• Although most veterans with PTSD have some college education, many have difficulty finding suitable employment and almost 40% are impoverished. Therefore, it is important that researchers investigate the impact of supported employment programs for veterans with PTSD.
• Veterans with PTSD who participated in the Individual Placement and Support (IPS) program were found to be 2.7 times more likely to gain competitive employment, worked 42% more weeks and made more in income than veterans who participated in a Veterans Administration VRP.
• The evidence-based IPS program resulted in better occupational outcomes for veterans with PTSD, suggesting that it would be highly beneficial to make the IPS program more widely available to all unemployed veterans with PTSD, perhaps as a preferred intervention.
“Objective: Post-traumatic stress disorder (PTSD) is a potentially disabling mental illness that can cause occupational dysfunction. Although vocational rehabilitation is often prescribed for patients with PTSD, standard vocational services are far from adequate in helping them obtain and maintain competitive employment. This study is the first to examine the outcome of evidence-based supported employment for veterans with PTSD.
Methods: Unemployed veterans with PTSD were randomly assigned to either individual placement and support (IPS) supported employment (N=42) or a Veterans Health Administration Vocational Rehabilitation Program (VRP) treatment as usual (N=43). Employment rates and occupational outcomes were followed for 12 months.

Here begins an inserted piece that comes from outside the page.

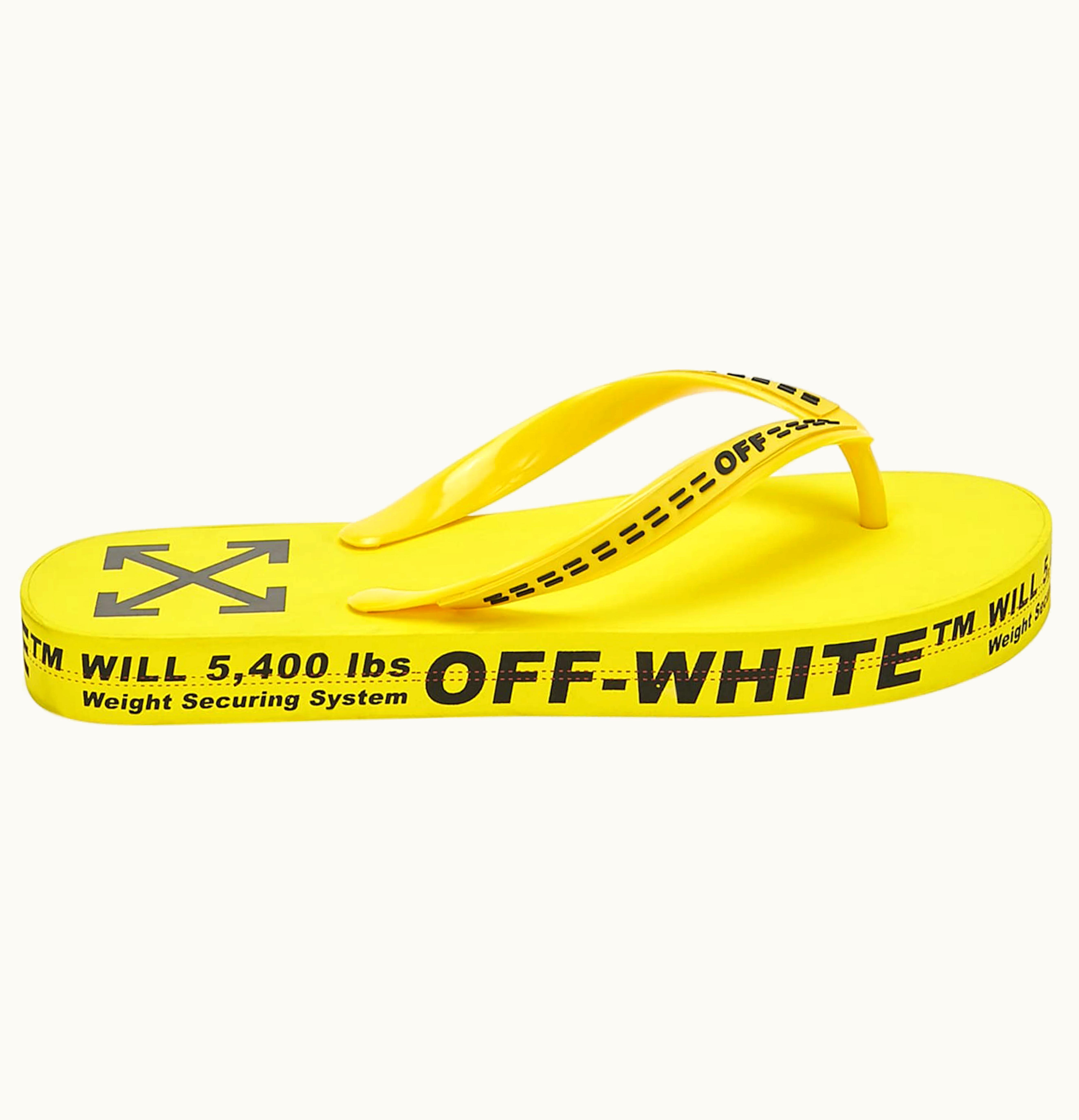 Off White Logo Typographic Flip Flop Yellow SS20 | GLINT

Results: During the 12-month study, 76% of the IPS participants gained competitive employment, compared with 28% of the VRP participants (number needed to treat=2.07; X2=19.84, df=1, p<.001). Veterans assigned to IPS also worked substantially more weeks than those assigned to VRP (42% versus 16% of the eligible weeks, respectively; Mann-Whitney z test p<.001) and earned higher 12-month income (mean±SD income of $9,264±$13,294 for IPS versus $2,601± $6,009 for VRP; Mann-Whitney z test p<.001) during the 12-month period.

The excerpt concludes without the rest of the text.